Former New York Jets player Marvin Washington has joined a lawsuit against the Attorney General of the United States over federal laws outlawing the possession and use of marijuana.
Currently, a handful of states have legalized marijuana, but the federal government never repealed its laws making the drug illegal, and the lawsuit is targeting that dichotomy, Daily Caller reported.
Washington, a defensive end who was drafted by the New York Jets in 1989 and played pro football for a decade, has joined the lawsuit filed against the Department of Justice and the Drug Enforcement Administration aimed at scuttling the federal prohibition against pot.
The lawsuit challenges the 1970 Controlled Substance Act (CSA) that puts marijuana in the same class as drugs such as cocaine, heroin, and other illegal substances.
The paperwork filed claims that “classifying cannabis as a ‘Schedule I drug,’ is so irrational that it violates the U.S. Constitution.”
A lawyer filing the lawsuit for Washington and several other plaintiffs said the rules don’t “make any rational sense” and further alleges that “the federal government knows it.”
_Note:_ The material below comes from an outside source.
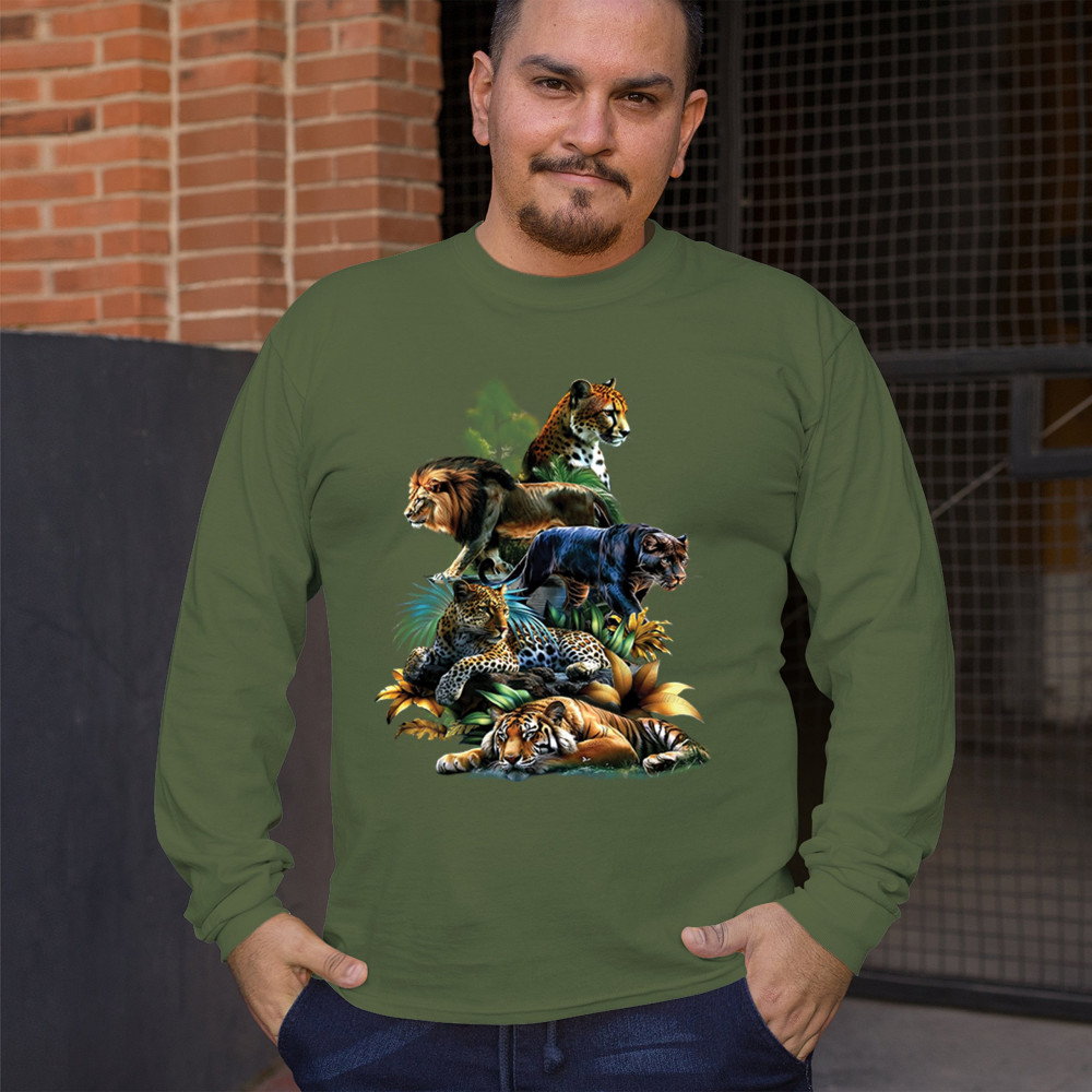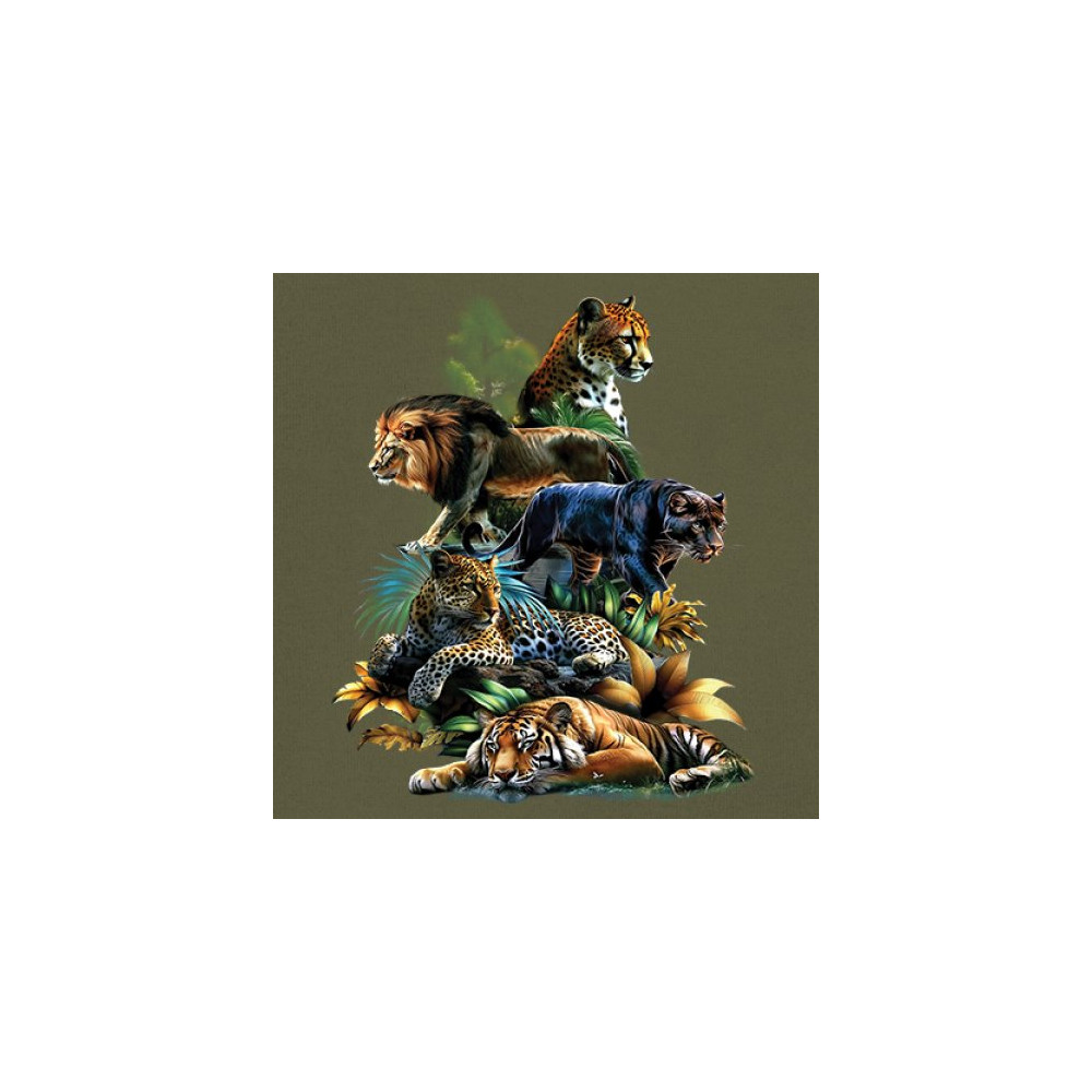 Bold big cat design with lion, tiger, leopard, cheetah, jaguar, and panther. A vivid tribute to wild nature, pride, and animal power.

Several of the plaintiffs joined the suit because they use pot for its medicinal properties of pain abatement. As to Washington, the former NFL player said he wants the federal government to end the prohibition against pot to allow Americans to file for permits to run marijuana dispensaries in every state instead of having to wait for state laws to be changed.
Washington also maintains that the drug laws prevent him from having access to small business loans and other government services for his pot selling venture.
Attorney General Jeff Sessions has previously said that he is no fan of the recent expansion of legalized pot seen in so many states.
Indeed, in February, Sessions insisted that there is far more drug violence surrounding marijuana.
“Experts are telling me there’s more violence around marijuana than one would think,” Sessions told the media in February.
Sessions continued, saying “I am definitely not a fan of expanded use of marijuana. But states, they can pass the laws they choose. I would just say, it does remain a violation of federal law to distribute marijuana throughout any place in the United States, whether a state legalizes it or not.”